フランス革命は当時の社会に変革をもたらしただけでなく、現代にも大きな影響を及ぼしました。ここでは、フランス革命の歴史的意義について紹介します。

身分制度、封建制度の廃止

フランス革命によって王政が撤廃されたことにより、身分制度が廃止されました。このことによって税の負担は国民すべてが平等に担うことになり、封建制度が崩壊します。フランスでは第一次共和制が採用され、現在の資本主義の基礎を築きました。

人権宣言

1789年に採択された人権宣言は、正式には「人間および市民の権利宣言」と呼ばれます。その内容は啓蒙思想の影響を色濃く受けていて、権力の分立、租税の平等やその権利と義務、自由、所有権などについてが宣言され、現代社会の基礎となる考え方が広まりました。

人権宣言は「アンシャン=レジーム(旧制度)の死亡証書」と称されるように、近代社会の原理を表すものとして、後世にも大きな影響を与えています。

フランス革命のその後

フランス革命が終息した後のフランスの政治は、実はそのまま近代の体制へ移行したわけではありません。ナポレオンの即位によって始まる第一帝政から、再びブルボン家による王政復古が起きるまで、さらにその後を見ていきましょう。

皇帝ナポレオン1世の誕生

ブリュメールのクーデター後、実権を握っていたナポレオンは、前述のように1804年に皇帝に即位します。その後1814年に失脚するまでに、ナポレオンはヨーロッパ全土を支配下に治めました。

これは絶対王政ではないものの、事実上の専制、つまり上に立つ者が独断で行う政治制度の復活でした。同時代を生きたベートーヴェンは、ナポレオンの独裁的な政治体制に失望して、彼に共感して作曲していた「英雄」の献呈を取りやめたといわれています。

ナポレオンの失脚

ナポレオン退位のきっかけとなったのは、イギリスとの貿易を禁止した大陸封鎖や、ロシア遠征の失敗です。その後、1814年に退位してエルバ島に流されたナポレオンは、翌1815年に島を脱出し皇帝に復します。しかしワールテローの戦いに敗れ、セント・ヘレナ島へ流されてその生涯を終えました。なおこの短い再起のことを、「百日天下」と呼びます。

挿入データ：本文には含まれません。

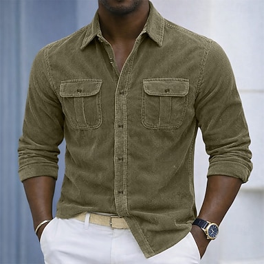 Homens Jaqueta de Camisa Jaqueta de Veludo Casual Diário Respirável Bolsos Primavera & Outono Tecido Clássico Lapela Padrão Preto Branco Verde Escuro Marron Casaco
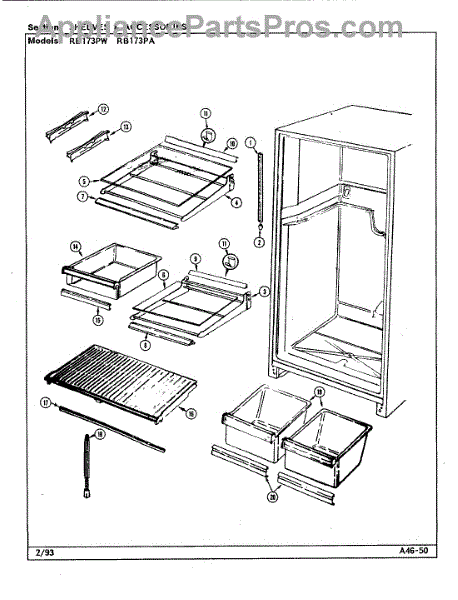 This factory screw secures appliance components to their mounting points. Replace missing, worn, or stripped hardware to restore a tight fit, proper alignment, and quieter operation across the affected assembly.
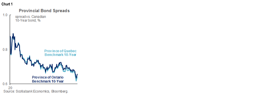 The Ontario government is the latest to extend aggressive lockdowns (details here). The widening in 10 year spreads today was comparable to Quebec and consistent with a general global risk-off tone (chart 1). At home and abroad, it’s unfortunate that with the better part of a full year for individuals to take preventative measures and governments to plan for second and potentially subsequent waves that it has come to this again notwithstanding heroic front-line and stimulus measures. Key this time around is that schools will be shut again as elementary schools will close for at least one week until January 11th and secondary schools will shut for a month. That is much less of a shock to the job market than back in the Spring when the kids were sent to on-line learning from March through June, but it is still going to carry negative consequences for the December and January job markets and especially for mothers given the experience to date. Parents with younger children may be able to adapt to a short-lived closure of in-person learning at elementary schools, but the risk of extensions to this guidance—given the pattern to date—is going to magnify uncertainty with respect to the ability to retain employment or hire new employees. Ditto for the closure of before—and after-school programs. The impact of shutting secondary schools depends on many individual considerations but a full month won’t be costless. Those who have already shifted to work from home may adapt easier than those for whom this option is not possible.
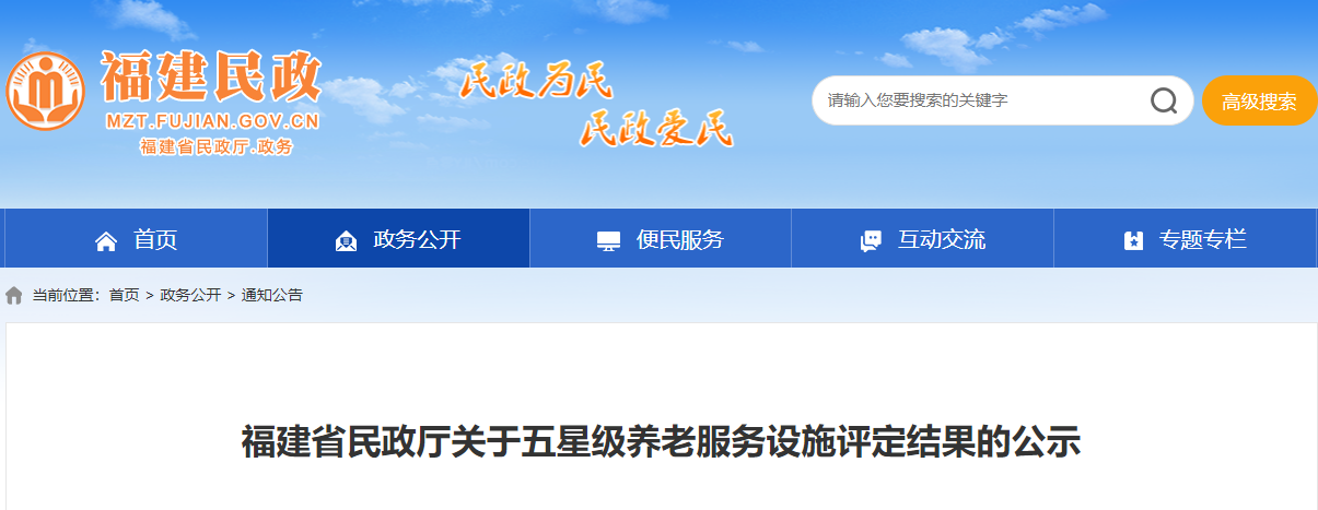 近日,福建省民政廳網(wǎng)站發(fā)布關(guān)于五星級(jí)養(yǎng)老服務(wù)設(shè)施評(píng)定結(jié)果的公示,詳情如下——
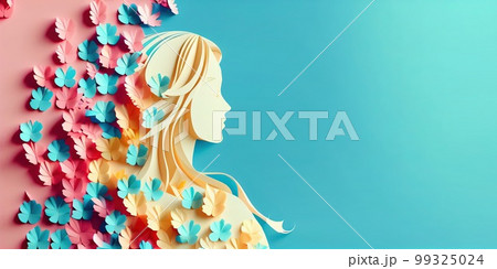 Illustration of face and flowers style paper cut with copy space for international women's day
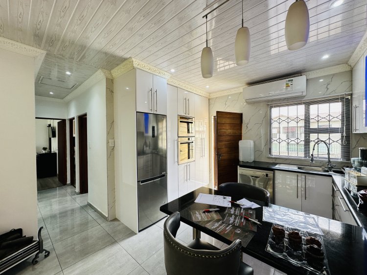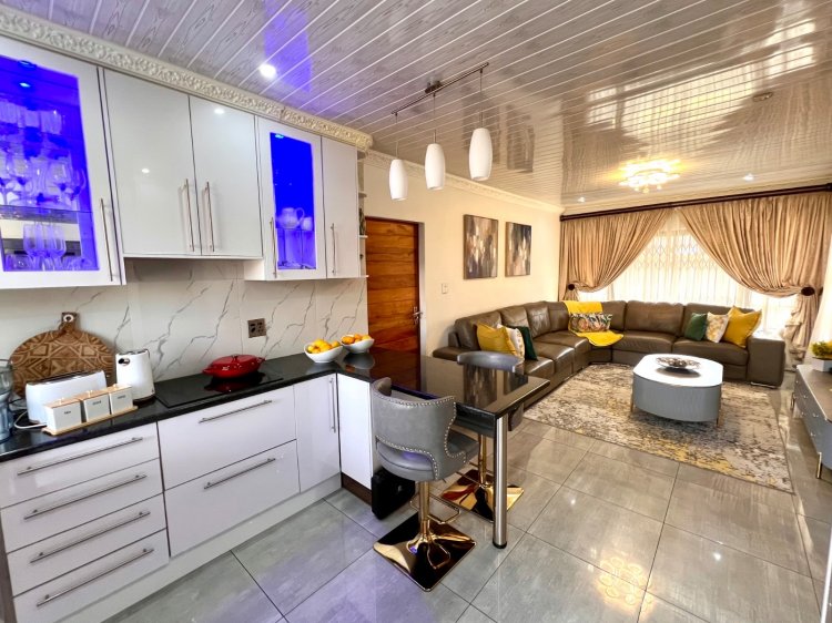 The property features 3 well proportioned bedrooms and 2 bathrooms, with the main bedroom enjoying the privacy of an en-suite bathroom. The open-plan layout creates an effortless flow between the lounge, dining area, and kitchen, making it perfect for everyday living and entertaining. The sleek, modern kitchen is fitted with granite countertops and a breakfast nook, while the home is neatly tiled throughout for easy maintenance.
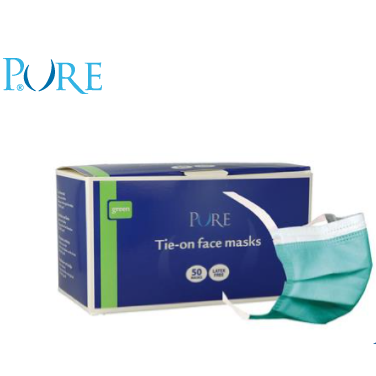 PURE face mask latex-free type IIR to tie - green - 1 x 50 pieces

さてナポレオンが失脚したことで政権を握ったのは、なんとルイ16世の弟であるルイ18世でした。フランスの政権は再びブルボン家に移り、王政復古が起こったのです。

共和制から王政復古へ

最後に、フランスの政治体制を整理しておきましょう。

フランス革命以前、フランスはブルボン家である国王ルイ16世が統治する絶対王政下にありました。革命中の1792年から1804年のナポレオンの皇帝就任までを第一共和制と呼びます。

ナポレオンが皇帝になり、そして失脚する1814年までが第一帝政、その後のルイ18世とシャルル10世の時代が王政復古です。

この王政復古は1830年7月の七月革命まで続きます。その後、ブルボン家の支流であるオルレアン家のルイ・フィリップが統治する七月王政を経て、1848年の二月革命によって第二共和政が設立します。

さらに1851年末にはナポレオンの甥であるルイ・ナポレオンがクーデターを起こし、1852年にはナポレオン3世として帝位に就くことで第二次帝政が始まります。この政治形態は、1870年に普仏戦争で解体されるまで続きました。

フランス革命は世界中に大きな影響を及ぼした

フランス革命が及ぼした影響は、世界に、そして現代にも残されています。一方で、革命時の混乱は多くの犠牲者を生み、その後も政治的な混乱は長く続きました。

フランス革命当時に市民の代表として立ち上がった第三身分のブルジョワジーは、その後に資本家となり、労働者であるプロレタリアと対立することになります。歴史は立場を入れ替えて繰り返され、時には後退しながら、少しずつ前に進みます。

それらを学ぶことによって、未来を生きる私たちの社会がどうあるべきかを考えるきっかけにしてみてくださいね。